Primary LanguagePython

Fetching data from The New York Times Best Sellers API and send email

Basic Information

How to Run

  1. Open the terminal and clone the Repository
git clone https://github.com/tianshufu/Code-Assessment---Data-Engineering.git
  1. Go the cloned directory and start the docker container
cd Code-Assessment---Data-Engineering
docker-compose up
  1. Wait for a file and open the browser and enter: http://localhost:8080/, username and password both are: airflow


  1. Go to the book_list_dag to click to run, the first run will pull the data and send the email


And we click run agian, it will not pull the data since the data has already been pulled:


File Structure

    book_lists_dag.py : Airflow DAG file for this assignment
    fetch_data.py : All the function code such as send email and unit test code, could use this file to do unit testing 
  /logs/ : All the Airflow logs
  .env : environment varaiable during containder run time 
  docker-compose.yaml : Docker configuration file 

Details of Implentation:

The dag should be designed in a way that it will just pull the list of a given week for no more than once.
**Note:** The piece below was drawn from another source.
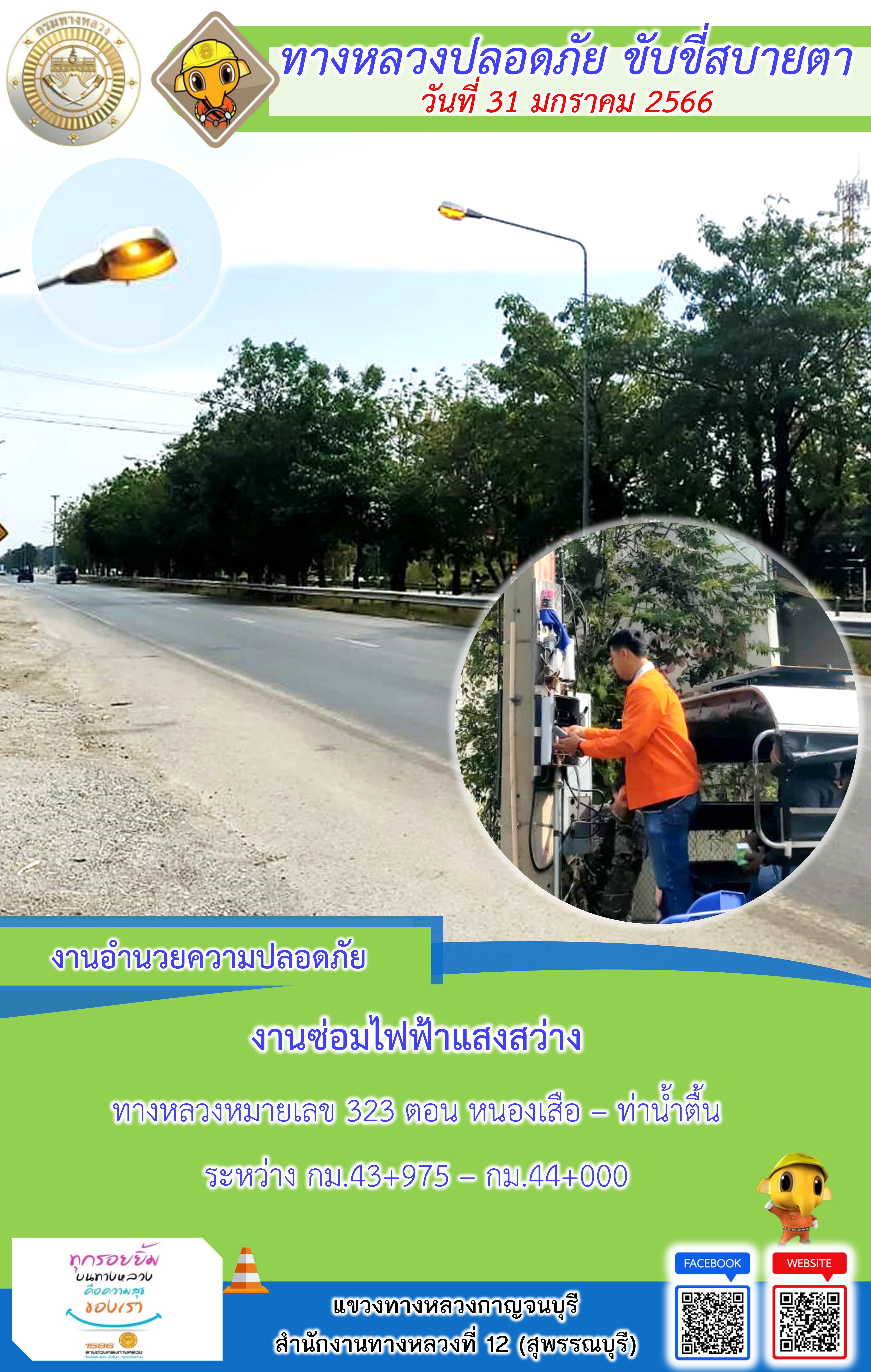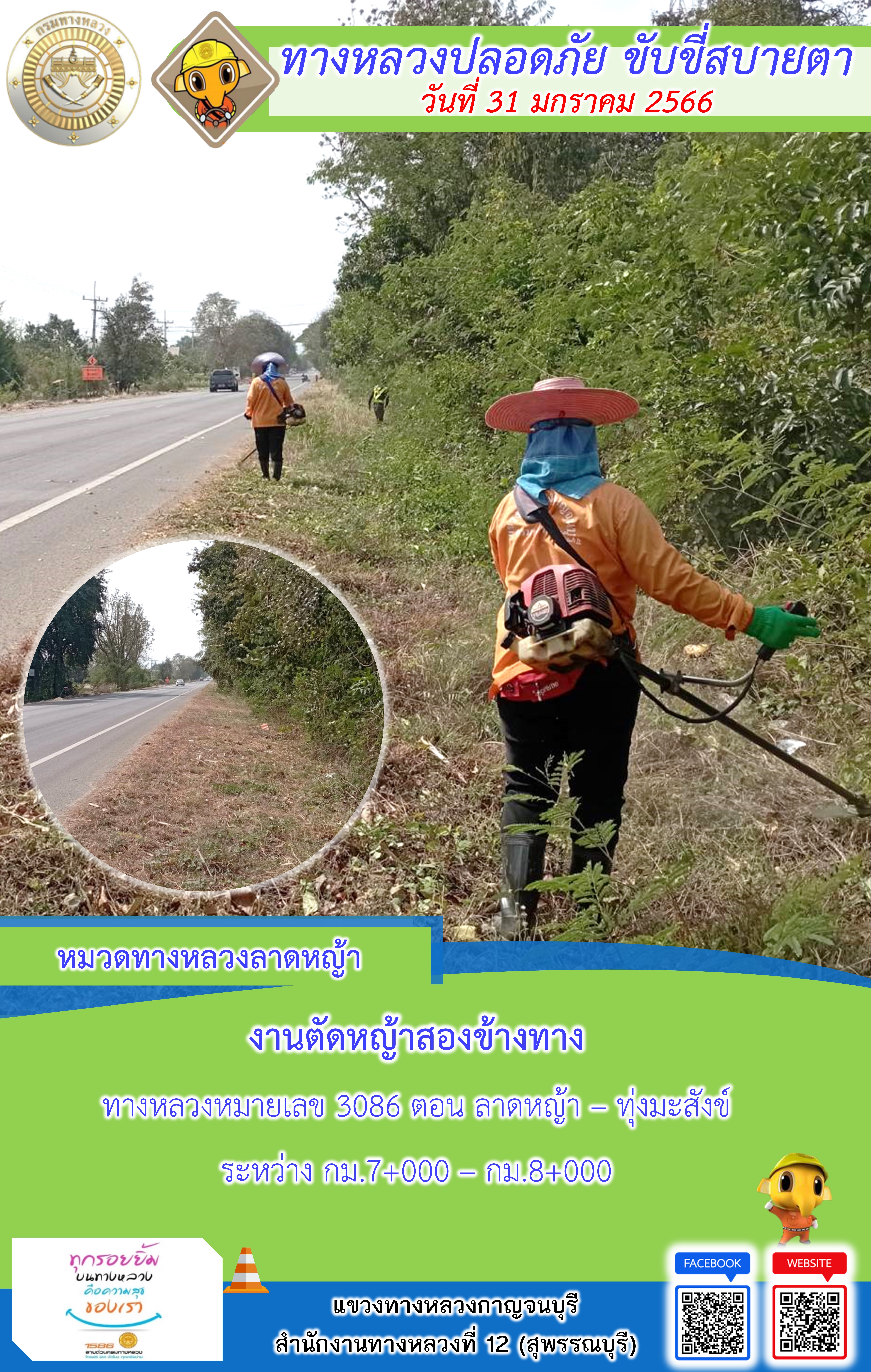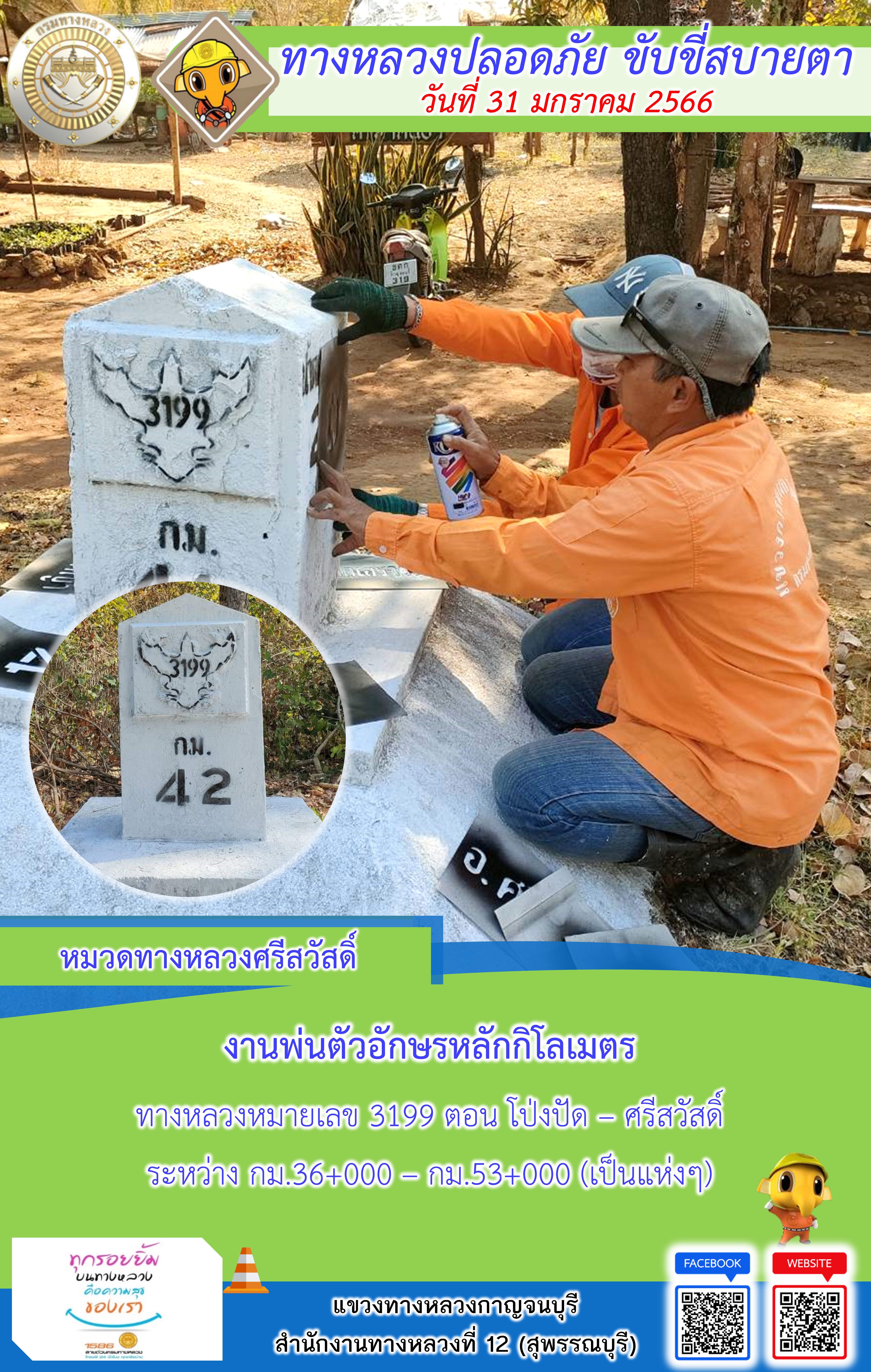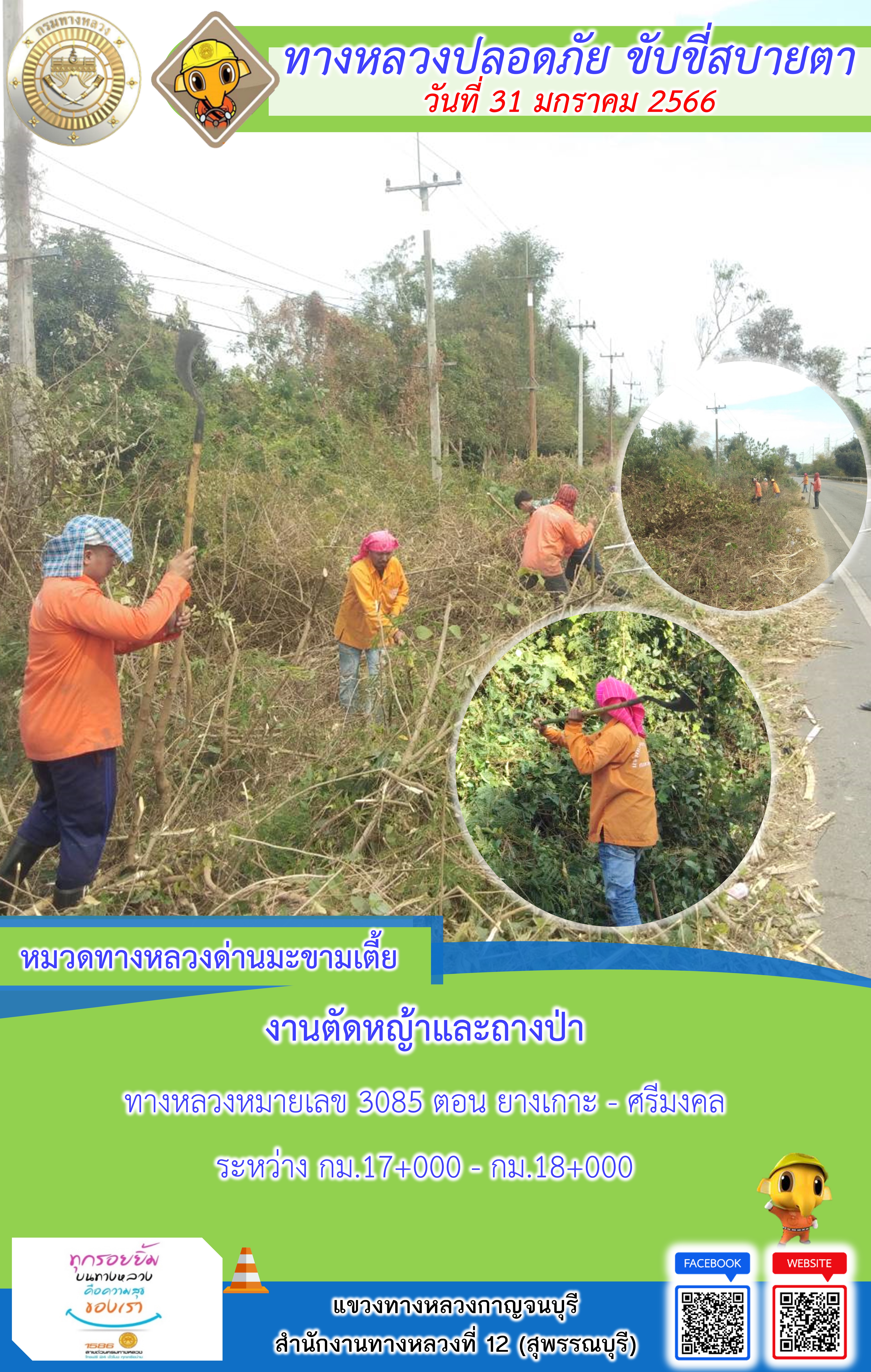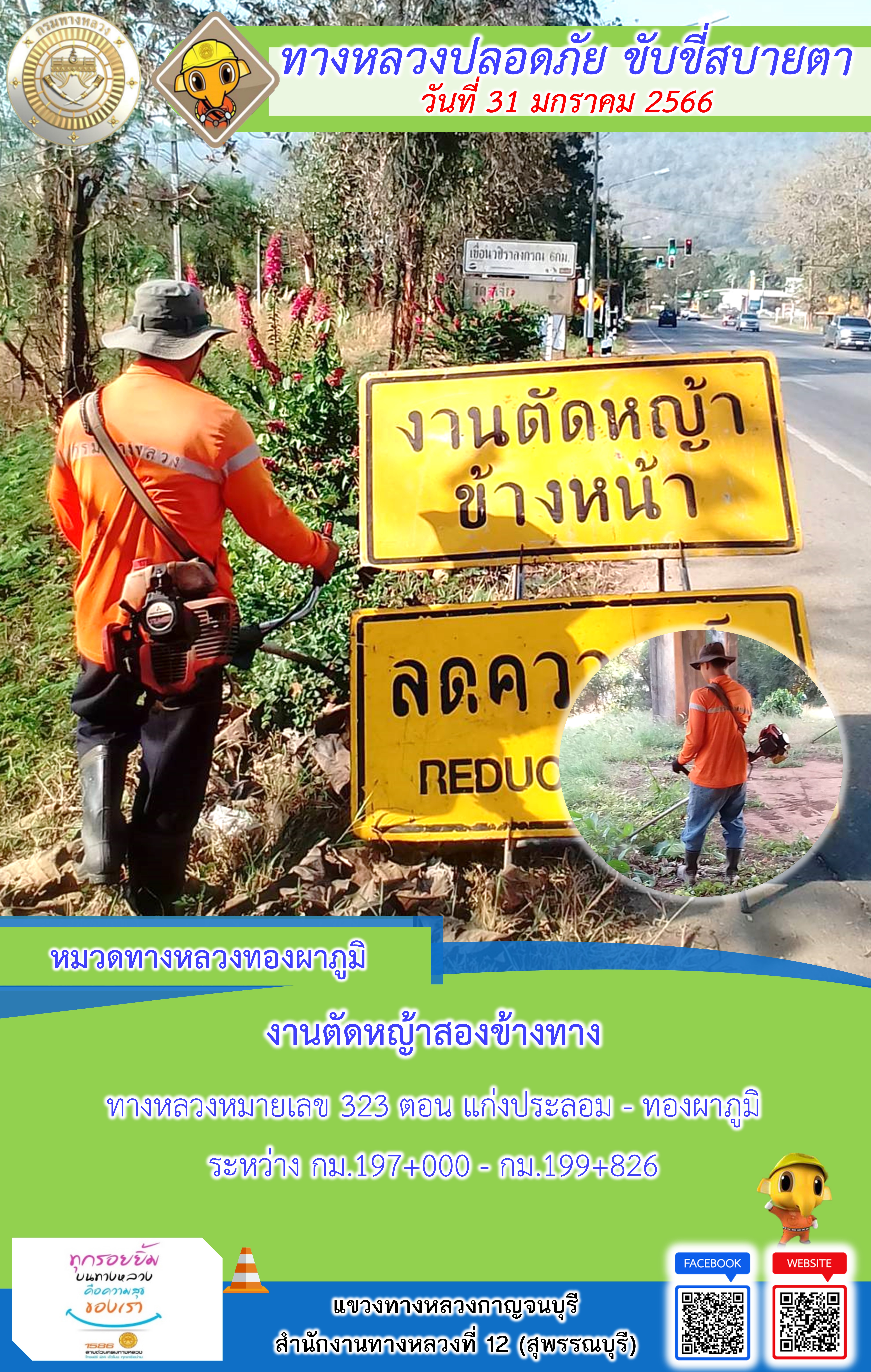 แขวงทางหลวงกาญจนบุรี โดยหมวดทางหลวงในสังกัดและงา ประจำวันที่ 31 ม.ค 66 #กรมทางหลวง #สายด่วนกรมทางหลวง1586 #แขวงทางหลวงกาญจนบุรี โทร 034-520-598

But the dag should still be scheduled as a daily job.

My Solution: I created a log file book_list_history.txt contians the success pulling history, before pulling, the program will read the log file and check if the specific date has been pulled before. If not pulled before, it will pull the data and wrtie to the log and send the email. If pulled before, if will not pull the data and wake duplicate_pull task.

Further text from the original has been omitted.